[Start of section]
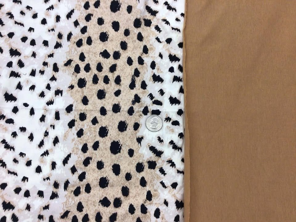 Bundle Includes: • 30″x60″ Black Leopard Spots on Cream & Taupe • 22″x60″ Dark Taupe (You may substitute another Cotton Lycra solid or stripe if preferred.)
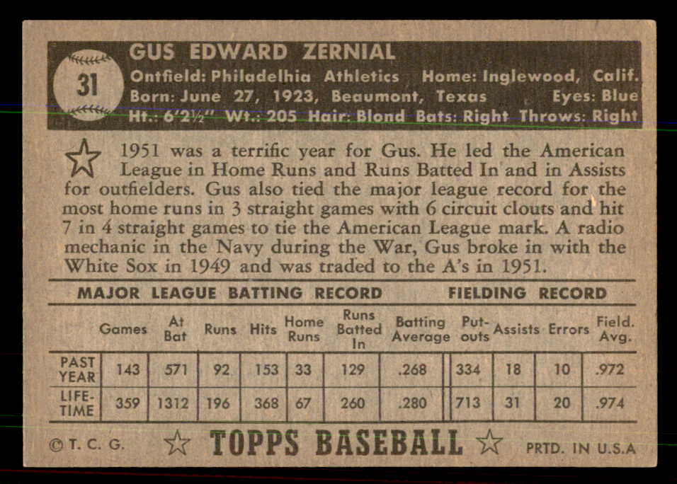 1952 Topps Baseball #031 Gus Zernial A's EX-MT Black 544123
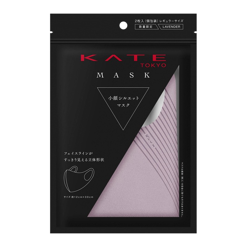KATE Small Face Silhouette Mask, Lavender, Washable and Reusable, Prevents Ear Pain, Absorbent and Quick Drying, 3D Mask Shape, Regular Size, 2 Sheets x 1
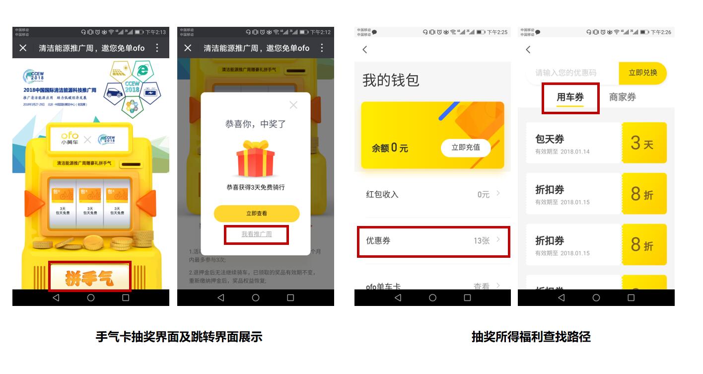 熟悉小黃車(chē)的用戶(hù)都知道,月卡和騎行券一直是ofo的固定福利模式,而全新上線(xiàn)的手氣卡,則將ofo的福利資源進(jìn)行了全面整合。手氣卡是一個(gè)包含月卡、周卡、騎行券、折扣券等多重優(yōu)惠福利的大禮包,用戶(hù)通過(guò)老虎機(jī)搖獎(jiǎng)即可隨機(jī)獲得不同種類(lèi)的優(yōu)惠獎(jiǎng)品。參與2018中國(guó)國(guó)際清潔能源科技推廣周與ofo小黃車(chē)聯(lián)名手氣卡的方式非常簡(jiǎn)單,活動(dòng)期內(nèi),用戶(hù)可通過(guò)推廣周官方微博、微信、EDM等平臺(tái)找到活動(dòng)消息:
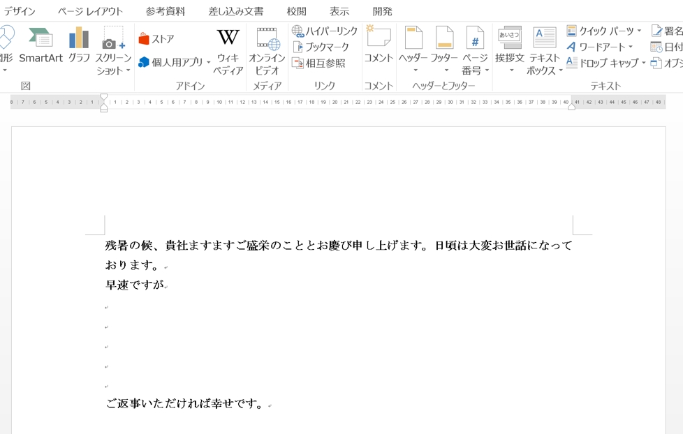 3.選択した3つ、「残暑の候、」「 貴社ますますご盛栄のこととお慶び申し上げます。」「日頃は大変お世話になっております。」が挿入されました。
[End of section]
*Exercise details*: Excluding every picture, set down the listing exactly.

*Solved problem*:
 Bundle Includes: • 30″x60″ Black Leopard Spots on Cream & Taupe • 22″x60″ Dark Taupe (You may substitute another Cotton Lycra solid or stripe if preferred.)
 1952 Topps Baseball #031 Gus Zernial A's EX-MT Black 544123
KATE Small Face Silhouette Mask, Lavender, Washable and Reusable, Prevents Ear Pain, Absorbent and Quick Drying, 3D Mask Shape, Regular Size, 2 Sheets x 1
 熟悉小黃車(chē)的用戶(hù)都知道,月卡和騎行券一直是ofo的固定福利模式,而全新上線(xiàn)的手氣卡,則將ofo的福利資源進(jìn)行了全面整合。手氣卡是一個(gè)包含月卡、周卡、騎行券、折扣券等多重優(yōu)惠福利的大禮包,用戶(hù)通過(guò)老虎機(jī)搖獎(jiǎng)即可隨機(jī)獲得不同種類(lèi)的優(yōu)惠獎(jiǎng)品。參與2018中國(guó)國(guó)際清潔能源科技推廣周與ofo小黃車(chē)聯(lián)名手氣卡的方式非常簡(jiǎn)單,活動(dòng)期內(nèi),用戶(hù)可通過(guò)推廣周官方微博、微信、EDM等平臺(tái)找到活動(dòng)消息:
 3.選択した3つ、「残暑の候、」「 貴社ますますご盛栄のこととお慶び申し上げます。」「日頃は大変お世話になっております。」が挿入されました。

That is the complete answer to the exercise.